Sure sounds like your Dad isn't on board with you hunting. First the 12 now the 410. Don't you know anyone else that will let you use a gun. You need to get this fixed pretty quick and get out there and practice. You owe that much to the animal.


----------



## jlami (Jan 28, 2011)

It don't sound like you are going to get much help here stud.

posted using Outdoor Hub Campfire


----------



## jonnythfisherteen2 (Mar 5, 2011)

I thought I put "it comes off" at the end. oh wait, I DID!
never mind, I don't need your help now. especially with these ridiculous replies I got.


----------



## bkr43050 (Apr 5, 2004)

You said the full choke comes off. I assume you mean that you have another barrel to replace it? Or it has choke tubes? Not sure which you mean.

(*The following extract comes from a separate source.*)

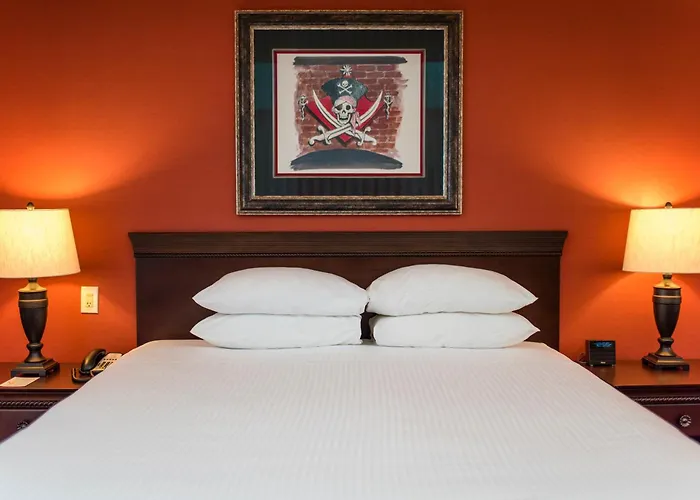 The property offers a range of entertainment and family-friendly activities for guests to enjoy. Kids, both young and old, can have a blast splashing around at Castaway Cove, a watery pirate playground with slides, water cannons, and a pirate ship. For those looking for a bit of adventure, the property's convenient location provides easy access to the nearby cruise ship ports and terminals, offering opportunities for exciting excursions and trips to Catalina Island. Additionally, guests can take advantage of the fun opportunity to collect autographs from beloved Disney Characters, making their stay even more memorable. And for added convenience, guests can leave their vehicles in the parking lot until noon on their departure day.. Conveniently located just a 5-10 minute walk from Disneyland, the Howard Johnson By Wyndham Anaheim Hotel & Water Playground is an ideal choice for families looking to enjoy the park without sacrificing convenience. Guests can also explore other nearby attractions such as Adventureland, Guardians of the Galaxy: Mission Breakout, and Downtown Disney shopping. For transportation options, the property is situated 800 meters from the Disneyland Monorail, providing easy access to different areas of the park. Additionally, John Wayne Airport is approximately 25 kilometers away, offering convenient travel options for guests flying into or out of the area. With its prime location and proximity to major attractions, the Howard Johnson By Wyndham Anaheim Hotel & Water Playground allows guests to make the most of their time in Anaheim.
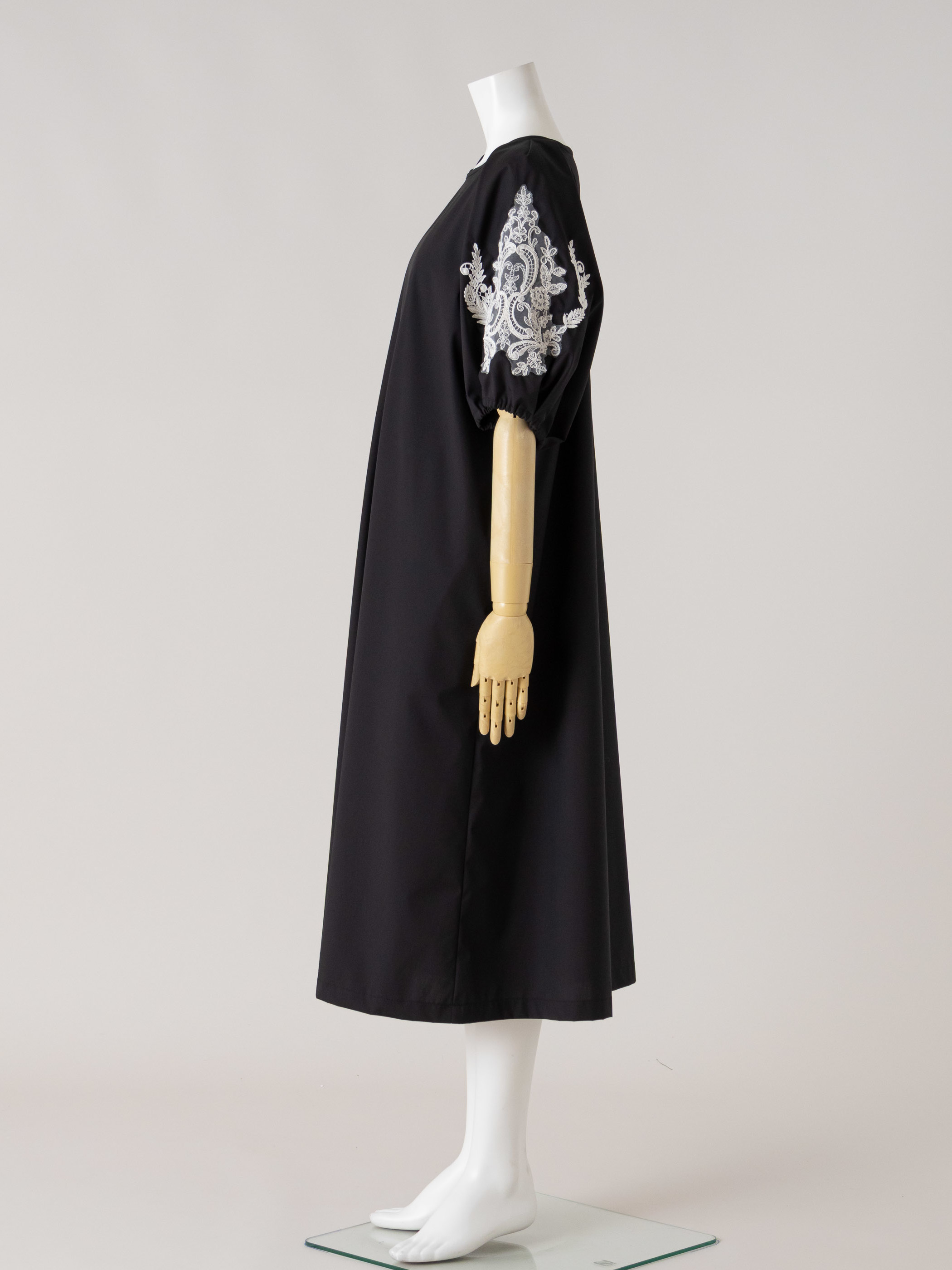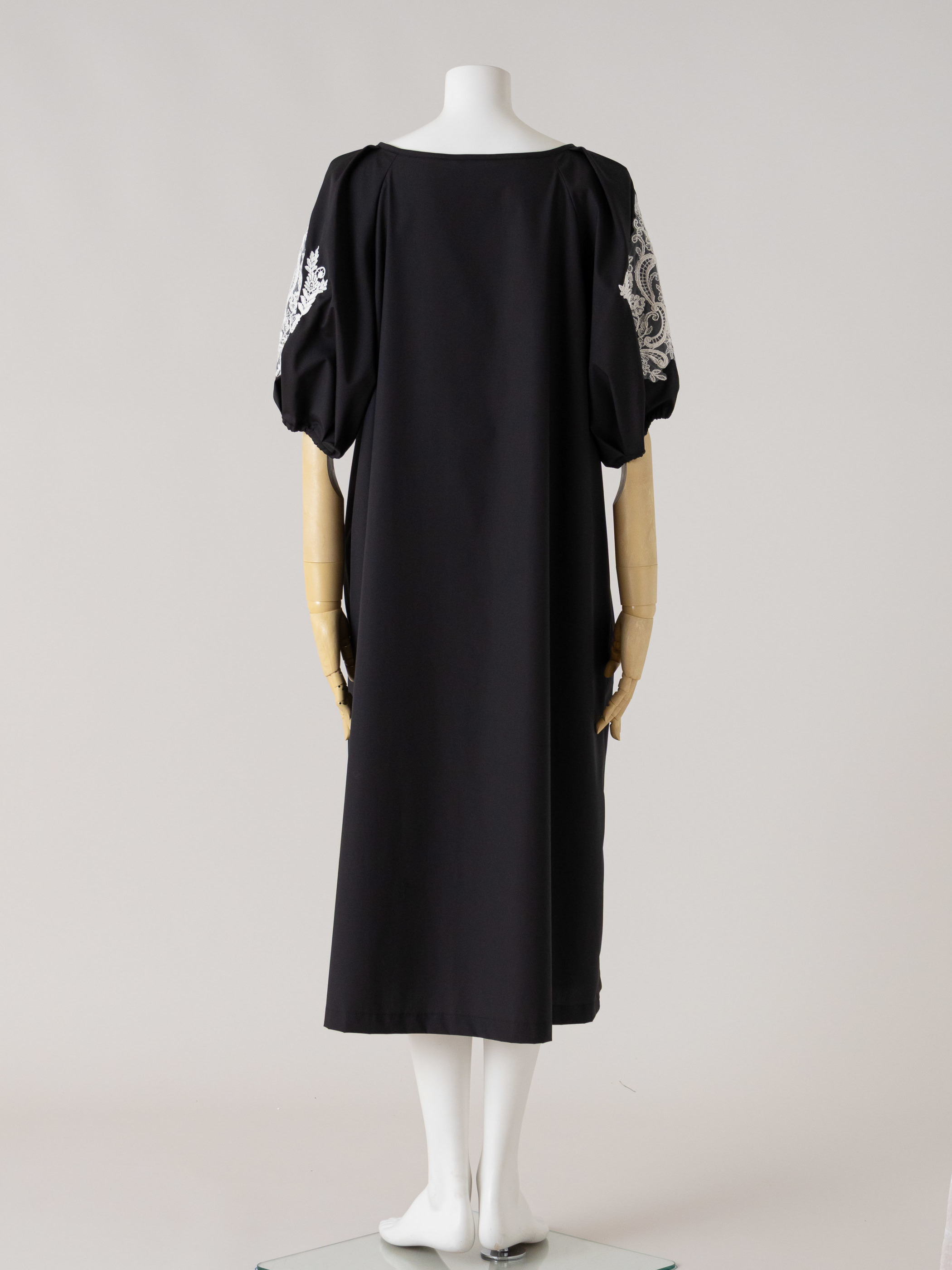 袖のレースがポイントで、一枚でも存在感のあるリアルクローズのワンピースです。

I used a 12 gage with full choke for many years with no issues. I have read some of the warnings about doing so but I have never read it from a reliable source. In fact I have found several publications that say the opposite. Most feel it does not help performance and could distort the slug somewhat causing less than desirable grouping. The 12 gage that I have groups standard foster type sluggers quite well at 100 yards and I have killed several deer out beyond 100 yards with it. But the ultimate issue is that you need to work with your dad to make this happen. It is unfortunate that he is not working with you to see that you get this opportunity but you don't need to take it out on everyone here who are trying to help out.

Good luck and I hope that you get out this weekend.


----------



## jlami (Jan 28, 2011)

Truth be known, I've done it thousands of times and never had a problem... Alot of "Old Timers" are stuck in their ways. You have to respect it, especially when it is their firearm.

posted using Outdoor Hub Campfire


----------



## Huntinbull (Apr 10, 2004)

If the choke you are talking about is a poly choke or a c-lect choke DO NOT FIRE THE GUN with the choke removed. Irrepairable damage WILL ensue. If it is a screw in choke tube that goes inside the barrel, use the most open choke you have. Improved Cylinder or Cylinder is best but Modified will work.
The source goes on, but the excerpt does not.